If you still support the Bush Administration after reading this story, then your partisan political sickness may be terminal:

President Bush signed a secret order in 2002 authorizing the National Security Agency to eavesdrop on U.S. citizens and foreign nationals in the United States, despite previous legal prohibitions against such domestic spying, sources with knowledge of the program said last night.

The super-secretive NSA, which has generally been barred from domestic spying except in narrow circumstances involving foreign nationals, has monitored the e-mail, telephone calls and other communications of hundreds, and perhaps thousands, of people under the program, the New York Times disclosed last night.

The aim of the program was to rapidly monitor the phone calls and other communications of people in the United States believed to have contact with suspected associates of al Qaeda and other terrorist groups overseas, according to two former senior administration officials. Authorities, including a former NSA director, Gen. Michael V. Hayden, were worried that vital information could be lost in the time it took to secure a warrant from a special surveillance court, sources said.

There is no defense for actions such as these.

Wiretapping US citizens without a warrant?

This is against the law. There is absolutely no excuse for the President of the United States to violate the civil rights of US citizens..even to stop terrorism.

I can't imagine that this isn't an impeachable offense.

I recognize that there are a lot of scared Americans out there. Terrorism is a scary business.

But terrorism has been with us for centuries.

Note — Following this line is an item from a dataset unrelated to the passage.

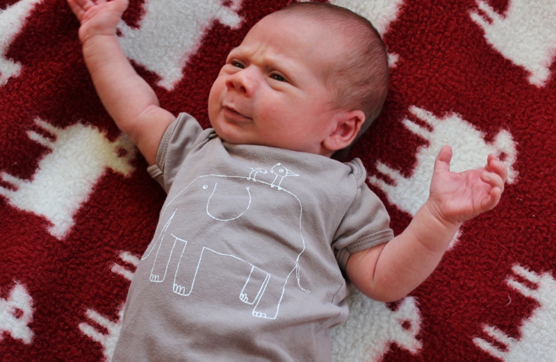 We bought a special sleeper for Ellie to wear home from the birth center and we have it in her little box of memories. We wanted to have something similar for Mark . We ended up buying him (who at the time, we only knew as B2) a little screen printed onesie from Red Prairie Press, which we found at Holiday Heap.

And we've had US citizens die from terrorism on our soil prior to 9/11. When Eric Rudolph murdered abortion doctors and bombed the US Olympics in Atlanta..did we allow secret wiretaps of suspected abortion doctor killers and other suspected whacked out US citizens? When Tim McVeigh bombed the Federal Building in Oklahoma City...did we start those activities then? When Eric Harris and Dylan Klebold murdered their classmates at Columbine High School, did we start secret wiretaps of suspected angry high schoolers?

This is insanity. Any quarter of American society that supports allowing the POTUS to secretly wiretap Americans without having secured a warrant is either so blindly partisan or so blindly scared that they are beyond the reach of common sense.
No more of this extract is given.